◆ HOW TO COMPLETE THIS TASK:
Exactly the lines from the one containing "Welcome to Your" through the end of the data, and nothing more, should be retyped; pictures stay out.

* * * * *

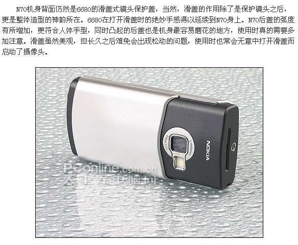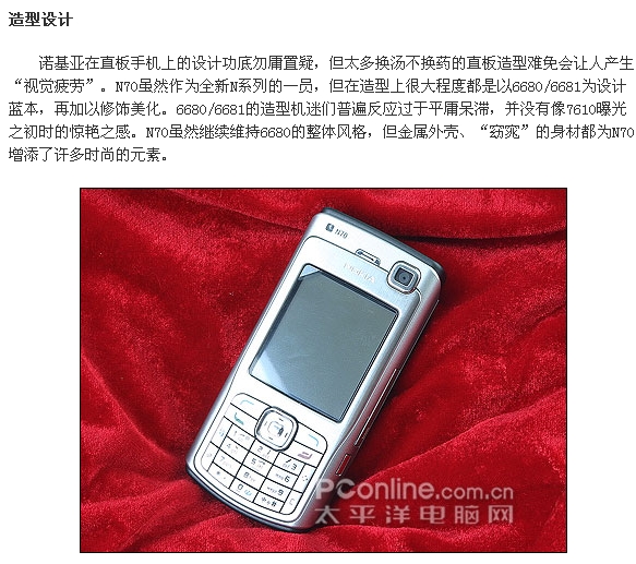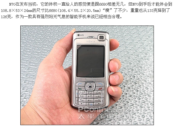 诺基亚N系列手机将丰富的功能融入设计精美、使用方便的终端,开创了新一代的移动产品系列。N系列手机主打的功能就是带给用户最高级的影音多媒体体验,这从三款产品的超高分辨率屏幕,卡尔·蔡司光学认证镜头,4GB微硬盘,VHS制式视频和WLAN等等可以看出,诺基亚第一次在此前并不拿手的手机硬件配置领域充当了领跑者的角色,一举打破了日韩手机在声色效果上的“垄断”地位。能够与诺基亚N系列相抗衡的目前看来也唯有多普达900(3G制式的PPC手机,具备VGA屏幕)和索爱最新发布的采用UIQ3.0全新标准QVGA分辨率、具有200万像素自动对焦摄像头、并支持WiFi功能的3G智能旗舰P990。在S60当世机王N90经过我们太平洋手机频道的权威详尽测试并给予极高评价之后,N系列的另一成员N70的正式零售版也终于正式登陆评测室。号称全球最小基于S60平台3G手机的N70究竟有着如何惊人的表现呢?
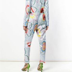 Mira Mikati Jumpsuit Floral Sequin Whimsical Pants Trousers Sz 36
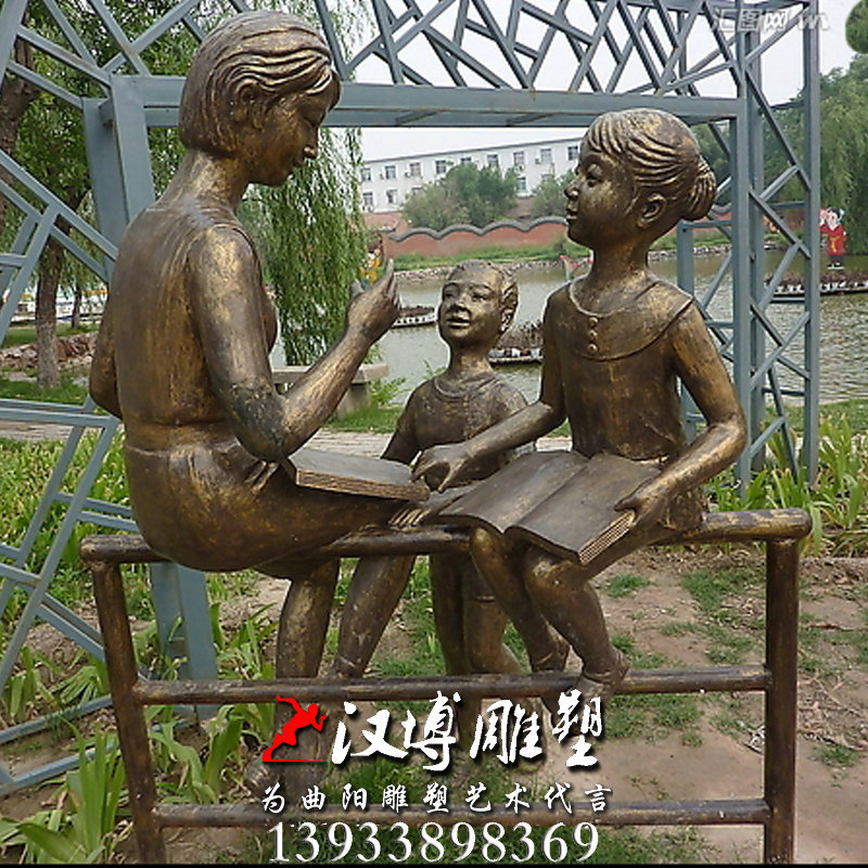 名称:老师学生人物雕像,玻璃钢铜雕,园林景观雕塑
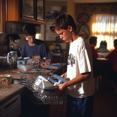 an upset skinny average looking 14 year old kid emptys a dishwasher in a texas 1990s suburban home while his friends play card games at the kitchen table in the background
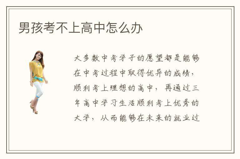 大多数中考学子的愿望都是能够在中考过程中取得优异的成绩,顺利考上理想的高中,再通过三年高中学习生活顺利考上优秀的大学,从而能够在未来的就业过程中更加顺利的找到满意工作。然而并不是所有人都可以考上高中的,那么,男孩考不上高中怎么办呢?男生在未来需要承担的责任是很重的,而男生的逻辑思维能力也是比较好的,因此可以选择一些计算机编程的热门专业进行学习。
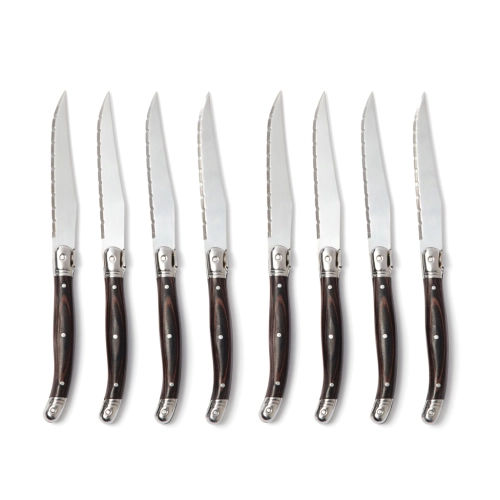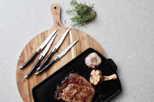 High-quality meat knives in typical French-inspired bistro style. Black pakka wood handle and high-quality stainless steel blades. The blade has a fine grating that allows you to cut through food with as little resistance as possible. A set of four knives which you can easily match with your forks at home. Packed in an exclusive gift box.
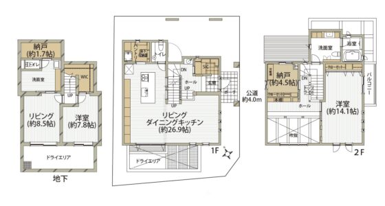 敷地全体面積 | 延べ床面積 | 170.35m²(51.53坪) | |
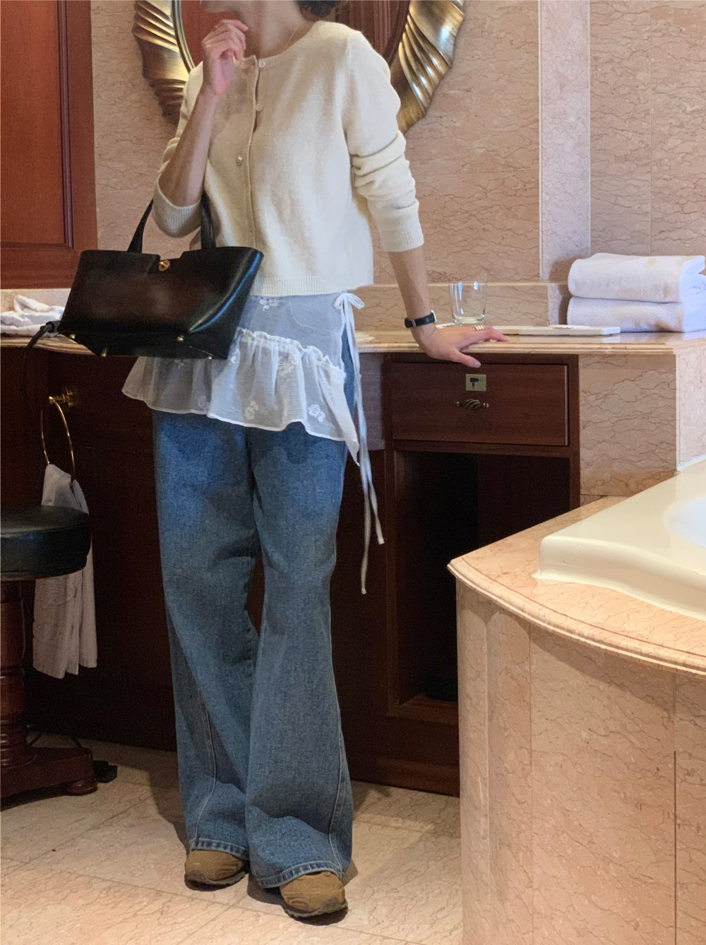 韓国製品の場合はメーカー表記で、ケアラベルがない場合もあります。 混用率と製品管理については商品説明に記載いたしますのでご了承ください。商品のカラーはモニターの環境によって多少異なる場合があります。 最大限実物の色を説明して撮影します。 ニットやコートの特性上、多少の糸混じりがあるかもしれません。微細な縫い目は最大限整理して送るように努力します。上記の事由は返品事由になりません。
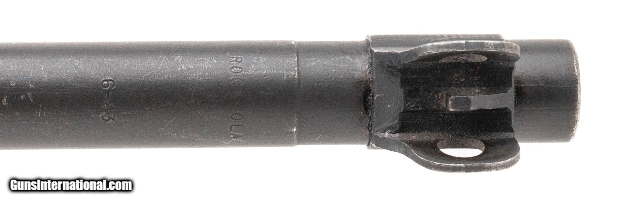 Description: "Serial No. 575933, made June–July 1943, .30 Carbine, 18" round barrel marked “ROCK-OLA / 6-43", confirming correct wartime production. This rifle is a scarce example of one of approximately 1,900 receivers originally produced by Inland and transferred to Rock-Ola, who then marked over the Inland name and stamped their own. The receiver is marked “INLAND" with a line-out, followed by “575933 / ROCK-OLA", a clear indicator of this inter-factory receiver transfer, which occurred to keep Rock-Ola production on schedule. The recoil shield is also Rock-Ola marked. The carbine has undergone post-war arsenal upgrades, including a bayonet lug barrel band marked “SI", and retains the original flat bolt. Rear sight has been updated to a Type III adjustable sight, marked “i.r.c.o.". Stock is in very good condition, featuring the early “I"-cut sling slot, with light handling impressions. Inside the sling well is marked “RMC", denoting Rock-Ola production, and faint cartouches are also present. Action is smooth and functions correctly. Rifle comes with its original box and CMP paperwork. A highly collectible and increasingly hard-to-find Inland “line-out" Rock-Ola variant, representing one of the more unique production anomalies among WWII M1 Carbines. Consignment Curio/Relic: Yes Price: $3,500.00 Contact Seller |
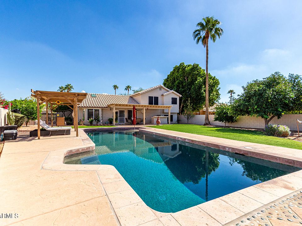 Welcome to Your Dream Home in The Islands, in Gilbert Az! Nestled in the highly sought-after lake community of The Islands, this stunning 5-bedroom, 3-bathroom w/ 3 car garage home sits at the end of a quiet cul-de-sac on a1/4acre lot, an entertainer's dream! Step into your private oasis featuring diving/lap Pebble-Tec pool, stamped concrete, 22 X 10 custom pergola, Built in BBQ & lush grassy yard with plenty of room to play and relax! Inside, this beautifully updated San Clemente model by Blandford Homes offers a perfect balance of style and function featuring 3 bedrooms & 2 bathrooms upstairs, 2 bedrooms, 1 bath + spacious bonus room downstairs and family room, dining room and eat-in kitchen on the main floor. Updated kitchen with granite countertops, stainless steel... appliances. New carpet, tile flooring & exterior/interior paint. Major upgrades include new roof & HVAC in 2022, complete in-home water filtration system 2018 and new pool pump with tile surround. The Islands community offers resort style amenities including 74 acres of lakes & 30 acres of grassy park space, basketball & sand volleyball courts, bocce ball, playgrounds, ramadas, walking paths, community dock, & special events! All this just-minutes, from Downtown Gilbert, Gilbert Regional Park, and the Santan Village Mall. Don't miss your chance to live in one of Gilbert's most vibrant lake communities!
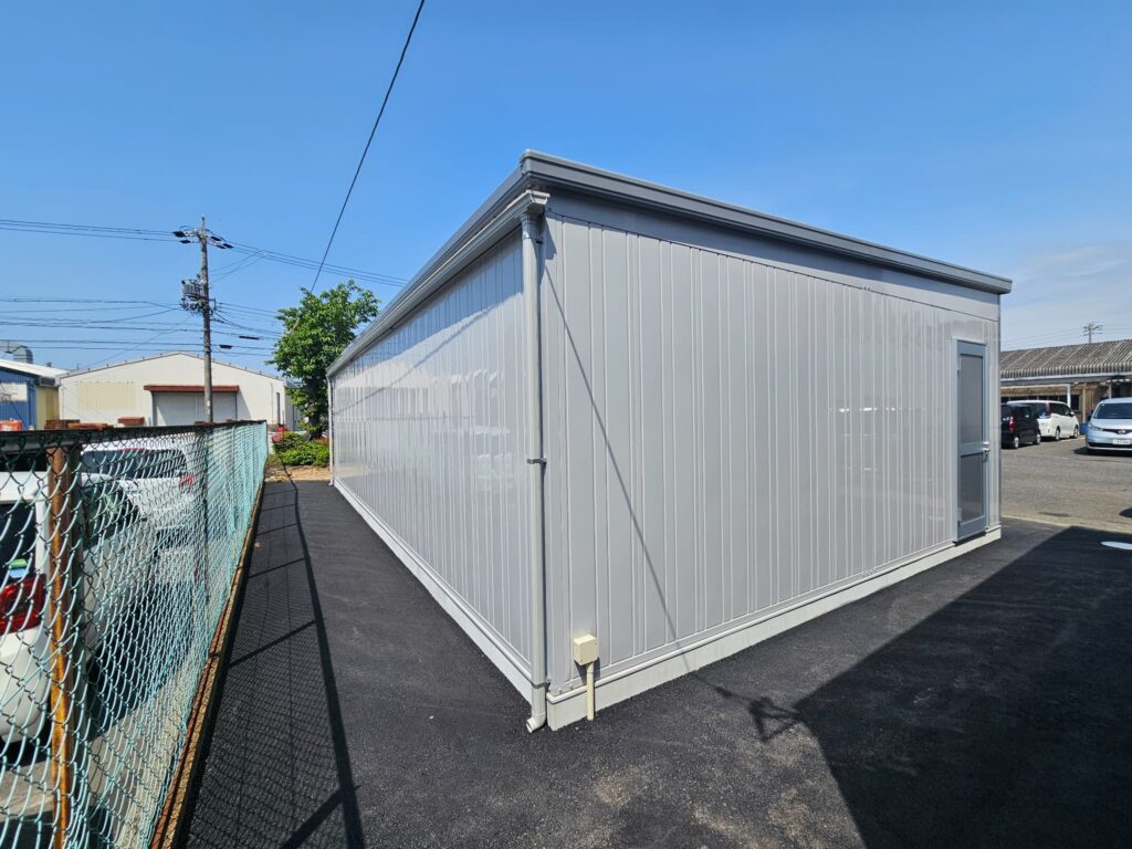 更地を整地・転圧・基礎工事を行い、イナバの倉庫の工事を組み立て+据え付け。
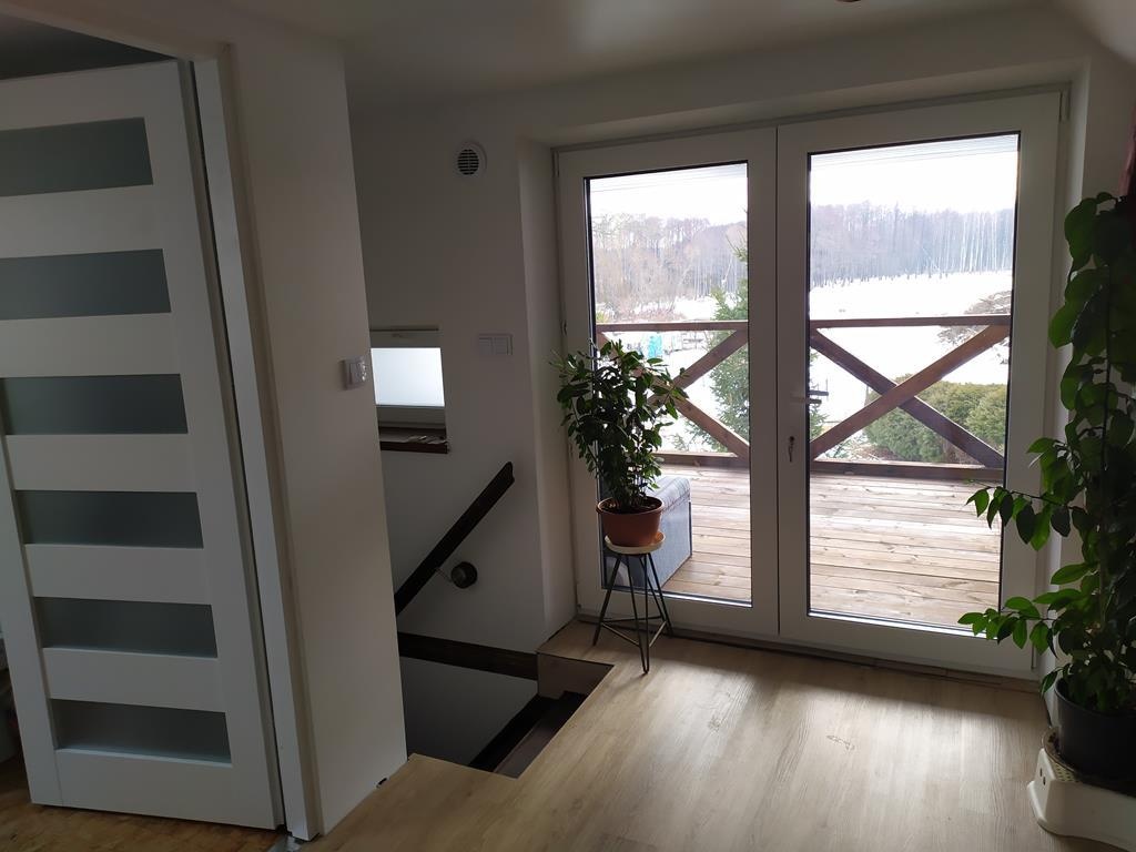 Piętro 43m – Otwarta przestrzeń wypoczynkowa z sypialnią, łazienką 7,2m. z wanną, dużym zadaszonym tarasem 6,8mx2,8m (18m). od południowej strony z widokiem na jezioro i las.

* * * * *

◆ TASK OUTPUT:
 Welcome to Your Dream Home in The Islands, in Gilbert Az! Nestled in the highly sought-after lake community of The Islands, this stunning 5-bedroom, 3-bathroom w/ 3 car garage home sits at the end of a quiet cul-de-sac on a1/4acre lot, an entertainer's dream! Step into your private oasis featuring diving/lap Pebble-Tec pool, stamped concrete, 22 X 10 custom pergola, Built in BBQ & lush grassy yard with plenty of room to play and relax! Inside, this beautifully updated San Clemente model by Blandford Homes offers a perfect balance of style and function featuring 3 bedrooms & 2 bathrooms upstairs, 2 bedrooms, 1 bath + spacious bonus room downstairs and family room, dining room and eat-in kitchen on the main floor. Updated kitchen with granite countertops, stainless steel... appliances. New carpet, tile flooring & exterior/interior paint. Major upgrades include new roof & HVAC in 2022, complete in-home water filtration system 2018 and new pool pump with tile surround. The Islands community offers resort style amenities including 74 acres of lakes & 30 acres of grassy park space, basketball & sand volleyball courts, bocce ball, playgrounds, ramadas, walking paths, community dock, & special events! All this just-minutes, from Downtown Gilbert, Gilbert Regional Park, and the Santan Village Mall. Don't miss your chance to live in one of Gilbert's most vibrant lake communities!
 更地を整地・転圧・基礎工事を行い、イナバの倉庫の工事を組み立て+据え付け。
 Piętro 43m – Otwarta przestrzeń wypoczynkowa z sypialnią, łazienką 7,2m. z wanną, dużym zadaszonym tarasem 6,8mx2,8m (18m). od południowej strony z widokiem na jezioro i las.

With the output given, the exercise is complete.